+++ Exercise inputs +++

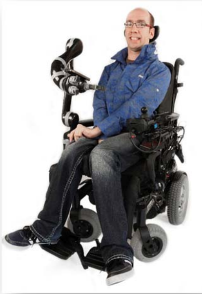
The Jaco2 easily mounts to a wheelchair and stays out of the way.

The company's Jaco2 Robotic Arm has benefited from the company's prior designs and forward thinking. Because of available technologies, the robotic arm provides a lightweight, quiet, and easily controlled device to the service industry. The Jaco2 robotic arm moves around six degrees of freedom through the use of six flat motors designed and manufactured by maxon precision motors (Fall River, MA). The arm was designed using six joints from a shoulder-type joint through to a functional wrist joint. The robot can manipulate a maximum payload of 1.5 kg at full extension, as well as a 2.5 kg payload at a mid-range extension. Both of these payloads are adequate for the needs of most disabled people in the process of living a normal life. The robotic arm device itself weighs only 5.3 kg, which was a very important specification for it to mount to a wheelchair without tipping it over. To maintain such a light weight, the company incorporated the lightweight and efficient flat motor series manufactured by maxon.
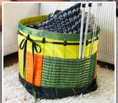
Knitting basket with decorative overlock stitching and pockets for needles.
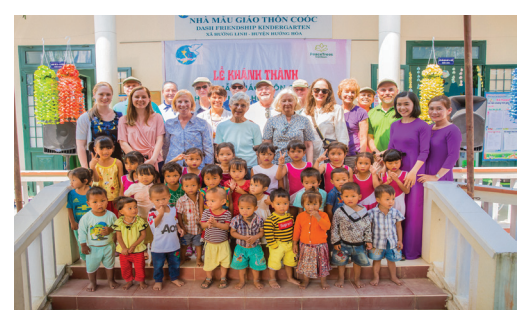
Dash Friendship Kindergarten built 2018, dedicated March 2019
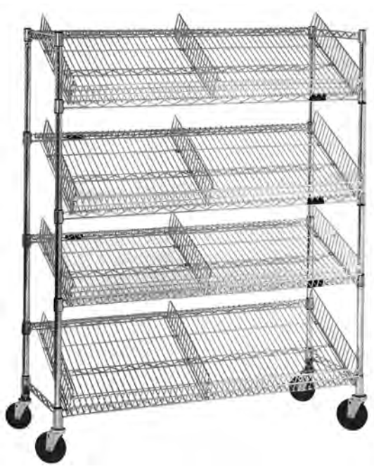
angled shelf/visual merchandising cart shown with optional additional dividers

Eagle Angle Shelf/Visual Merchandising Cart, model ____. (EAGLEbrite<sup>®</sup> Zinc, Chrome, Black Epoxy, Valu-Master® Gray Epoxy, Valu-Gard® Green Epoxy) reverse mat angled wire shelves with hangar rails. 3-sided truss assembly at top and bottom for increased strength. (EAGLEbrite<sup>®</sup> Zinc, Chrome plated) posts with 5"-diameter resilient wheel casters.
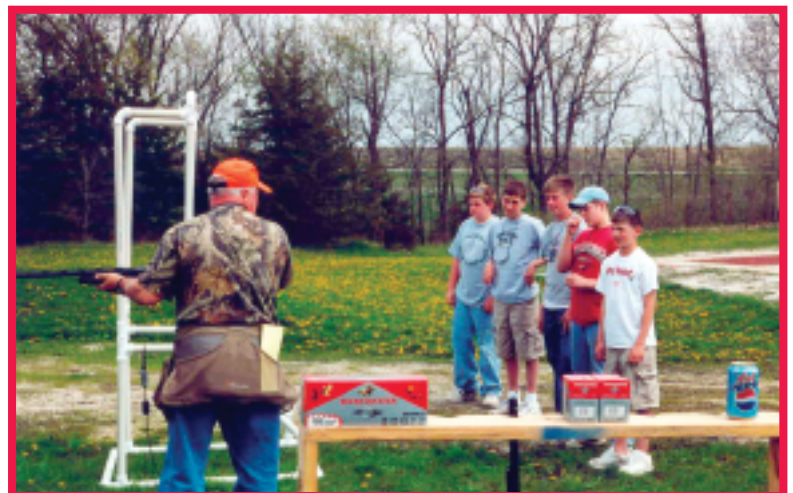
The team prepared for the YHEC competition through instruction in proper shotgun shooting and handling
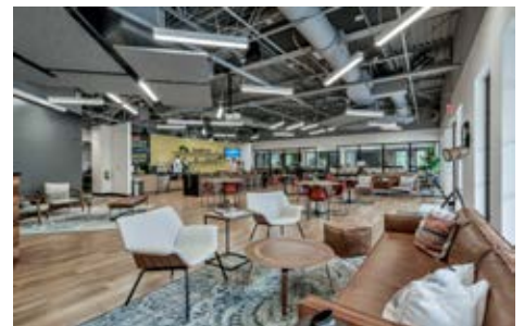
The Café & Lounge/Reception areas serve as a hub of activity and naturally foster the collaborative community. Gather at the Café/Pantry for free coffee, tea or filtered water.
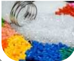
Plastic Testing Instruments
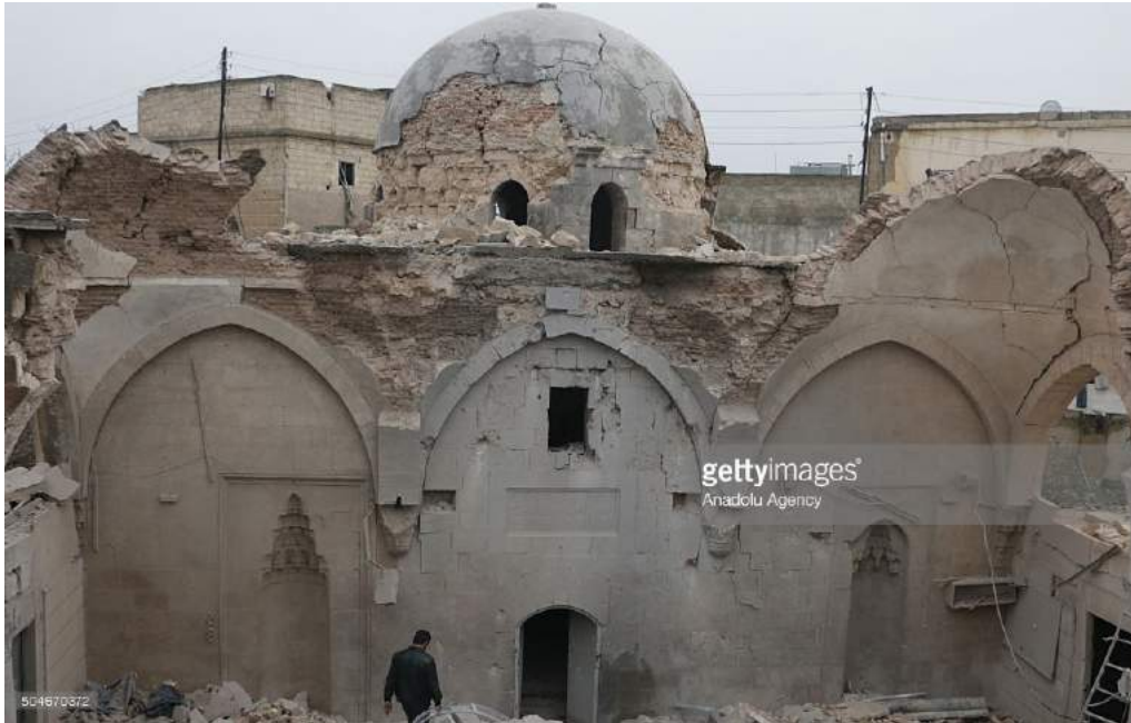
Damage to the Agha Jaq Mosque (January 12, 2016)
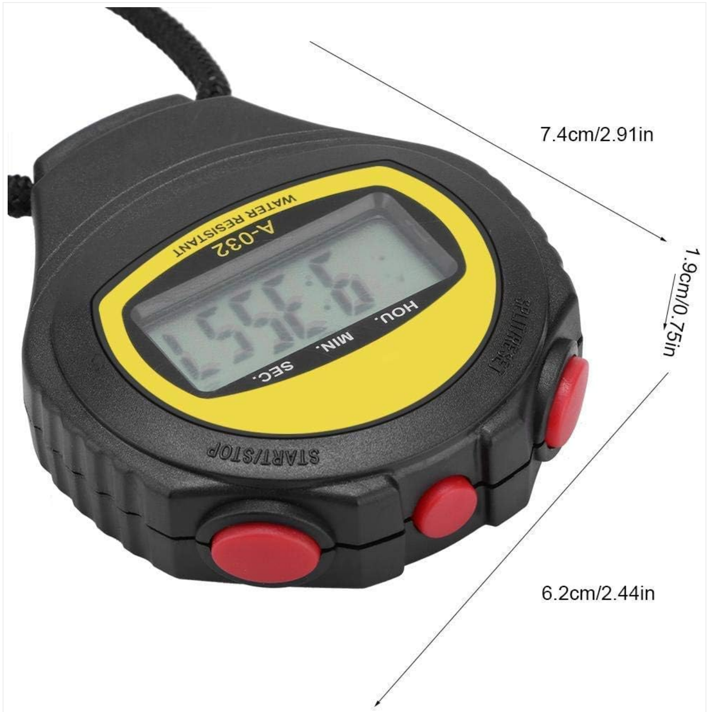
Figure 4: Product dimensions. This image provides a visual representation of the stopwatch's size with measurements.
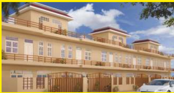
Mehak Eco City (100 Sq. Yd. Villas) NH-91, G.T. Road, Ghaziabad (Delivered in year 2017)
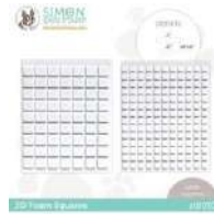
Simon Says Stamp 3D FOAM SQUARES...
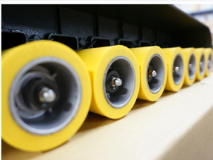
Patented 7-wheel design is ideal for feeding short material
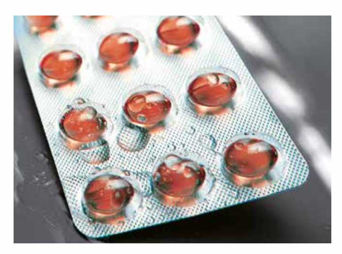
Blister packaging film made with TOPAS

With its remarkable property profile compared with known plastics, TOPAS* COC offers new options for these applications.
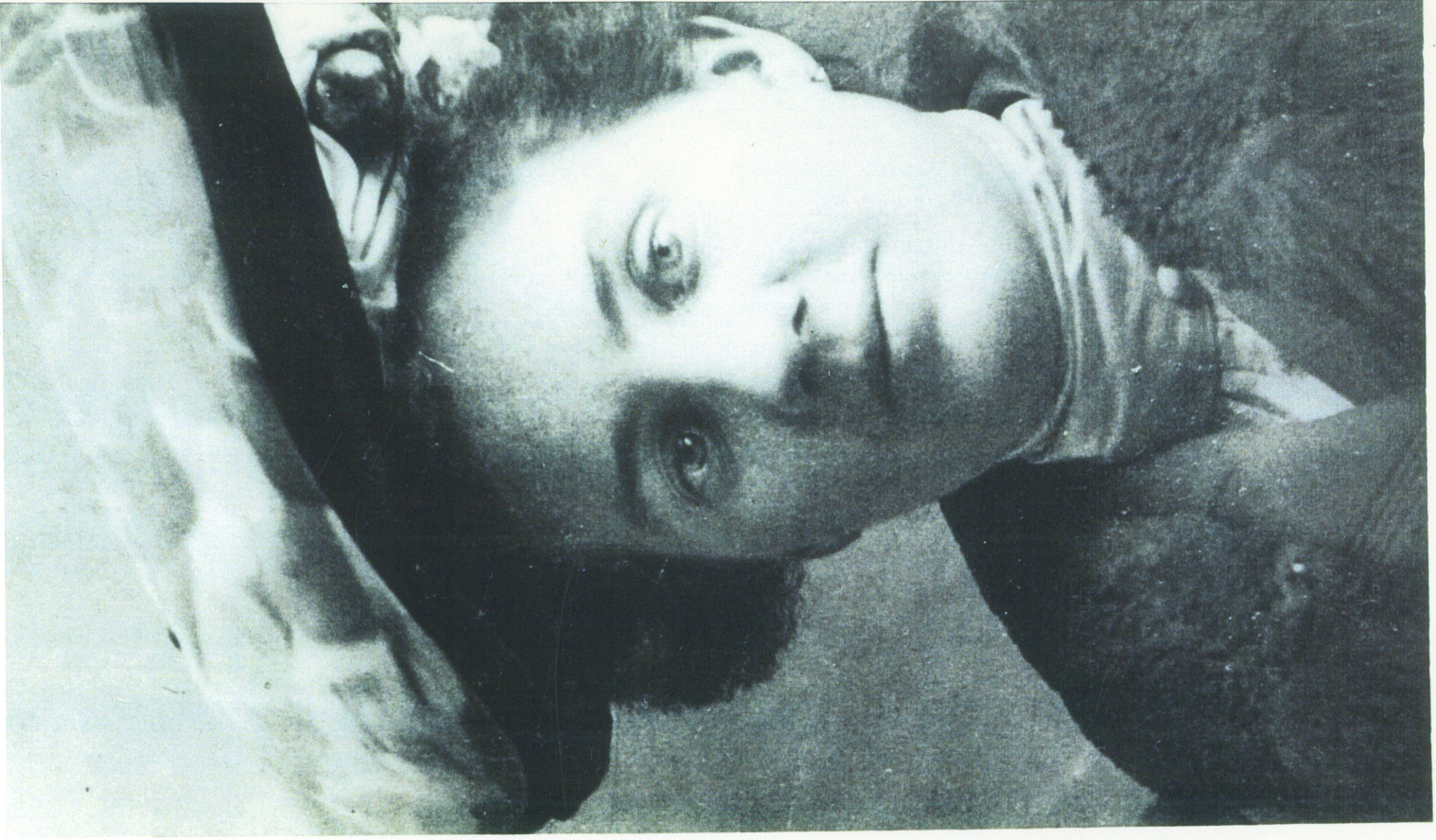
Mother and Grandmother

+++

▶ **Problem statement**:
The job here is to find each line above with the word "wheelchair" and copy it.

▶ **The completed task**:
The Jaco2 easily mounts to a wheelchair and stays out of the way.
The company's Jaco2 Robotic Arm has benefited from the company's prior designs and forward thinking. Because of available technologies, the robotic arm provides a lightweight, quiet, and easily controlled device to the service industry. The Jaco2 robotic arm moves around six degrees of freedom through the use of six flat motors designed and manufactured by maxon precision motors (Fall River, MA). The arm was designed using six joints from a shoulder-type joint through to a functional wrist joint. The robot can manipulate a maximum payload of 1.5 kg at full extension, as well as a 2.5 kg payload at a mid-range extension. Both of these payloads are adequate for the needs of most disabled people in the process of living a normal life. The robotic arm device itself weighs only 5.3 kg, which was a very important specification for it to mount to a wheelchair without tipping it over. To maintain such a light weight, the company incorporated the lightweight and efficient flat motor series manufactured by maxon.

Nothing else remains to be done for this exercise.